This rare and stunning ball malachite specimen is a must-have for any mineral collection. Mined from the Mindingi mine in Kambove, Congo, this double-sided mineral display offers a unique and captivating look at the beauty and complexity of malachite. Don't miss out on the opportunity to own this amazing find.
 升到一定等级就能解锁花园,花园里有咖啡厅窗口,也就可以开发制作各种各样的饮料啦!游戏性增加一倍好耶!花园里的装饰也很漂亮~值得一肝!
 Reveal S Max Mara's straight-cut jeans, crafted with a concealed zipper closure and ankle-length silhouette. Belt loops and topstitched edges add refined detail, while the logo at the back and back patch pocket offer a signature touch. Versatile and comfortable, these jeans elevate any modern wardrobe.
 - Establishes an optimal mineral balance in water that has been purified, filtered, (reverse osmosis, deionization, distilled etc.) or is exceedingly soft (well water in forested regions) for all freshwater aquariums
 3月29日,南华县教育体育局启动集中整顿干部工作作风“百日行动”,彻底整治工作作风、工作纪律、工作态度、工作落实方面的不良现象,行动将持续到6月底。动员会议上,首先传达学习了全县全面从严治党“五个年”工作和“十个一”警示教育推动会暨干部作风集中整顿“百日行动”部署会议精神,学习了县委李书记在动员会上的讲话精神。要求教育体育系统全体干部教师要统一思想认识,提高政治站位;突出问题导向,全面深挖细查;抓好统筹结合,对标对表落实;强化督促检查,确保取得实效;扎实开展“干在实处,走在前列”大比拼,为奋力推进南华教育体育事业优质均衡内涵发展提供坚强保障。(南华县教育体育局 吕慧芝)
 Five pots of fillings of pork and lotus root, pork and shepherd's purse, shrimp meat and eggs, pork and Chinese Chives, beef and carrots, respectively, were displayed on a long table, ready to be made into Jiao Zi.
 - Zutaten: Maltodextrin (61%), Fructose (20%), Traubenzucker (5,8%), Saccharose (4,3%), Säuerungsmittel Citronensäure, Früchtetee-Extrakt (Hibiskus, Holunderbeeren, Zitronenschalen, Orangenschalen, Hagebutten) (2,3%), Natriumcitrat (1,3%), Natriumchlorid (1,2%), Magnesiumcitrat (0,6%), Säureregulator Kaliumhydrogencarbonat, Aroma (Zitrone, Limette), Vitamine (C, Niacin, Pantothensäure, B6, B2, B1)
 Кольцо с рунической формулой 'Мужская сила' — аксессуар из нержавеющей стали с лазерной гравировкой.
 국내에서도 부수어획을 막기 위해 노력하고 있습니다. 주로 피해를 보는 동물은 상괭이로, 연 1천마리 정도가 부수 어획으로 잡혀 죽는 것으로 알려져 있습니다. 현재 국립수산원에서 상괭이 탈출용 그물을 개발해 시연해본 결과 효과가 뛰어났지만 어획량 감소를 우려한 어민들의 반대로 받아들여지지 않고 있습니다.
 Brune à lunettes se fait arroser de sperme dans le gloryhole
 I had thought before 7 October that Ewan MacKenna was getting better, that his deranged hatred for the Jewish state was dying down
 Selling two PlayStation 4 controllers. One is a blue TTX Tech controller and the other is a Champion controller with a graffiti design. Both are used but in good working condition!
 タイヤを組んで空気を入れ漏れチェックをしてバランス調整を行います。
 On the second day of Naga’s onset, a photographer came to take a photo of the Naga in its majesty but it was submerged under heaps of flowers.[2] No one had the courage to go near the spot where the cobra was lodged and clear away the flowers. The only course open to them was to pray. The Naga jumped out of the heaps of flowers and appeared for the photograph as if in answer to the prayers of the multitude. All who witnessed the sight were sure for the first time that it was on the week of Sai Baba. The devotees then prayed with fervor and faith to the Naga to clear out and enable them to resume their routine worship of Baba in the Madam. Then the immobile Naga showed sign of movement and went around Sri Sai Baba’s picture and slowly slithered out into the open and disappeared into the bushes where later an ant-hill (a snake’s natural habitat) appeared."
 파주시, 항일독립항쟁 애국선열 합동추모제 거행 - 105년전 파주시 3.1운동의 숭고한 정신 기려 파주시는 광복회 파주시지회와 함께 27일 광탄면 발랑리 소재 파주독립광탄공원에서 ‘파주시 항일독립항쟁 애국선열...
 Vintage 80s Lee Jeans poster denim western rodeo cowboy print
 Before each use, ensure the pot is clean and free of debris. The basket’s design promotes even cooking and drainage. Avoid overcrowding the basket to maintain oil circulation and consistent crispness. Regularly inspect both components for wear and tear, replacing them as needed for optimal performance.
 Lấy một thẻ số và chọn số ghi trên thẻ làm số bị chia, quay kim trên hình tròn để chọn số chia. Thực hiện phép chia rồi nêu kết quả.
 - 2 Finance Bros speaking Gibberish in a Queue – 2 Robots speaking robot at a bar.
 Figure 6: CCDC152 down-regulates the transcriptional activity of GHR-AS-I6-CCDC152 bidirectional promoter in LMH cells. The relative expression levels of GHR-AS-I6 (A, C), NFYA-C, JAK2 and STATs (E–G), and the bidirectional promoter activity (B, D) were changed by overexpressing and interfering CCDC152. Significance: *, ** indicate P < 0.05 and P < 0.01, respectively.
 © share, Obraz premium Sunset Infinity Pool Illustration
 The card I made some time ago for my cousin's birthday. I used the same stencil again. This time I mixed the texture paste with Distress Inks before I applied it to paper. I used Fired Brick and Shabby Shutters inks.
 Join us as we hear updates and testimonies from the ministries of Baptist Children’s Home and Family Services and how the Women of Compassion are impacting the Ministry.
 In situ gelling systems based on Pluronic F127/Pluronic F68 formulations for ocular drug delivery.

────────────────

Task statement:
This exercise requires all the entries to be written out again exactly.

Answer to this problem:
This rare and stunning ball malachite specimen is a must-have for any mineral collection. Mined from the Mindingi mine in Kambove, Congo, this double-sided mineral display offers a unique and captivating look at the beauty and complexity of malachite. Don't miss out on the opportunity to own this amazing find.
 升到一定等级就能解锁花园,花园里有咖啡厅窗口,也就可以开发制作各种各样的饮料啦!游戏性增加一倍好耶!花园里的装饰也很漂亮~值得一肝!
 Reveal S Max Mara's straight-cut jeans, crafted with a concealed zipper closure and ankle-length silhouette. Belt loops and topstitched edges add refined detail, while the logo at the back and back patch pocket offer a signature touch. Versatile and comfortable, these jeans elevate any modern wardrobe.
 - Establishes an optimal mineral balance in water that has been purified, filtered, (reverse osmosis, deionization, distilled etc.) or is exceedingly soft (well water in forested regions) for all freshwater aquariums
 3月29日,南华县教育体育局启动集中整顿干部工作作风“百日行动”,彻底整治工作作风、工作纪律、工作态度、工作落实方面的不良现象,行动将持续到6月底。动员会议上,首先传达学习了全县全面从严治党“五个年”工作和“十个一”警示教育推动会暨干部作风集中整顿“百日行动”部署会议精神,学习了县委李书记在动员会上的讲话精神。要求教育体育系统全体干部教师要统一思想认识,提高政治站位;突出问题导向,全面深挖细查;抓好统筹结合,对标对表落实;强化督促检查,确保取得实效;扎实开展“干在实处,走在前列”大比拼,为奋力推进南华教育体育事业优质均衡内涵发展提供坚强保障。(南华县教育体育局 吕慧芝)
 Five pots of fillings of pork and lotus root, pork and shepherd's purse, shrimp meat and eggs, pork and Chinese Chives, beef and carrots, respectively, were displayed on a long table, ready to be made into Jiao Zi.
 - Zutaten: Maltodextrin (61%), Fructose (20%), Traubenzucker (5,8%), Saccharose (4,3%), Säuerungsmittel Citronensäure, Früchtetee-Extrakt (Hibiskus, Holunderbeeren, Zitronenschalen, Orangenschalen, Hagebutten) (2,3%), Natriumcitrat (1,3%), Natriumchlorid (1,2%), Magnesiumcitrat (0,6%), Säureregulator Kaliumhydrogencarbonat, Aroma (Zitrone, Limette), Vitamine (C, Niacin, Pantothensäure, B6, B2, B1)
 Кольцо с рунической формулой 'Мужская сила' — аксессуар из нержавеющей стали с лазерной гравировкой.
 국내에서도 부수어획을 막기 위해 노력하고 있습니다. 주로 피해를 보는 동물은 상괭이로, 연 1천마리 정도가 부수 어획으로 잡혀 죽는 것으로 알려져 있습니다. 현재 국립수산원에서 상괭이 탈출용 그물을 개발해 시연해본 결과 효과가 뛰어났지만 어획량 감소를 우려한 어민들의 반대로 받아들여지지 않고 있습니다.
 Brune à lunettes se fait arroser de sperme dans le gloryhole
 I had thought before 7 October that Ewan MacKenna was getting better, that his deranged hatred for the Jewish state was dying down
 Selling two PlayStation 4 controllers. One is a blue TTX Tech controller and the other is a Champion controller with a graffiti design. Both are used but in good working condition!
 タイヤを組んで空気を入れ漏れチェックをしてバランス調整を行います。
 On the second day of Naga’s onset, a photographer came to take a photo of the Naga in its majesty but it was submerged under heaps of flowers.[2] No one had the courage to go near the spot where the cobra was lodged and clear away the flowers. The only course open to them was to pray. The Naga jumped out of the heaps of flowers and appeared for the photograph as if in answer to the prayers of the multitude. All who witnessed the sight were sure for the first time that it was on the week of Sai Baba. The devotees then prayed with fervor and faith to the Naga to clear out and enable them to resume their routine worship of Baba in the Madam. Then the immobile Naga showed sign of movement and went around Sri Sai Baba’s picture and slowly slithered out into the open and disappeared into the bushes where later an ant-hill (a snake’s natural habitat) appeared."
 파주시, 항일독립항쟁 애국선열 합동추모제 거행 - 105년전 파주시 3.1운동의 숭고한 정신 기려 파주시는 광복회 파주시지회와 함께 27일 광탄면 발랑리 소재 파주독립광탄공원에서 ‘파주시 항일독립항쟁 애국선열...
 Vintage 80s Lee Jeans poster denim western rodeo cowboy print
 Before each use, ensure the pot is clean and free of debris. The basket’s design promotes even cooking and drainage. Avoid overcrowding the basket to maintain oil circulation and consistent crispness. Regularly inspect both components for wear and tear, replacing them as needed for optimal performance.
 Lấy một thẻ số và chọn số ghi trên thẻ làm số bị chia, quay kim trên hình tròn để chọn số chia. Thực hiện phép chia rồi nêu kết quả.
 - 2 Finance Bros speaking Gibberish in a Queue – 2 Robots speaking robot at a bar.
 Figure 6: CCDC152 down-regulates the transcriptional activity of GHR-AS-I6-CCDC152 bidirectional promoter in LMH cells. The relative expression levels of GHR-AS-I6 (A, C), NFYA-C, JAK2 and STATs (E–G), and the bidirectional promoter activity (B, D) were changed by overexpressing and interfering CCDC152. Significance: *, ** indicate P < 0.05 and P < 0.01, respectively.
 © share, Obraz premium Sunset Infinity Pool Illustration
 The card I made some time ago for my cousin's birthday. I used the same stencil again. This time I mixed the texture paste with Distress Inks before I applied it to paper. I used Fired Brick and Shabby Shutters inks.
 Join us as we hear updates and testimonies from the ministries of Baptist Children’s Home and Family Services and how the Women of Compassion are impacting the Ministry.
 In situ gelling systems based on Pluronic F127/Pluronic F68 formulations for ocular drug delivery.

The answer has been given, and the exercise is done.